§ DATASET CONTENT
============
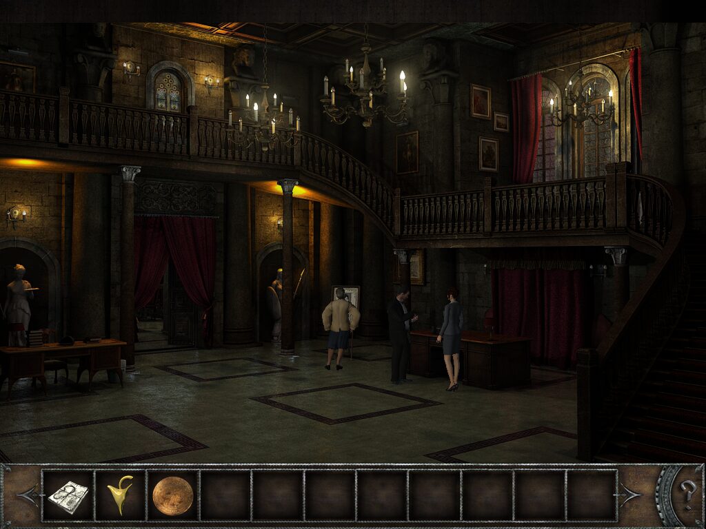 Character portraits and cutscenes maintain the slightly stylized realism of the original, effectively conveying Sylvie’s curiosity and the enigmatic count Georges de Saint-Germain’s steely determination. While animation is not the game’s primary draw, occasional character movements and expressive dialogue boxes keep interactions feeling dynamic rather than static.
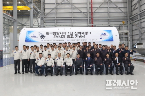 KAI는 지난 25일 종포공장에서 관계자 60여 명이 참석한 가운데‘한국형발사체 1단 산화제탱크 EM 시제품 출고 기념식’을 열고 한국형발사체 사업의 적기 진행과 목표한 개발 성숙도 달성을 기념했다.
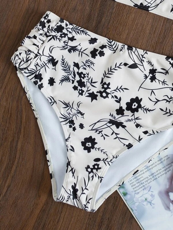 Split Print High Waisted Sexy Bikini Swimsuit Girl Small Chest Gathering AP000117
============
§ PROBLEM
Retype the data exactly as it stands, but keep the images out of your copy.

§ EXPECTED OUTPUT
 Character portraits and cutscenes maintain the slightly stylized realism of the original, effectively conveying Sylvie’s curiosity and the enigmatic count Georges de Saint-Germain’s steely determination. While animation is not the game’s primary draw, occasional character movements and expressive dialogue boxes keep interactions feeling dynamic rather than static.
 KAI는 지난 25일 종포공장에서 관계자 60여 명이 참석한 가운데‘한국형발사체 1단 산화제탱크 EM 시제품 출고 기념식’을 열고 한국형발사체 사업의 적기 진행과 목표한 개발 성숙도 달성을 기념했다.
 Split Print High Waisted Sexy Bikini Swimsuit Girl Small Chest Gathering AP000117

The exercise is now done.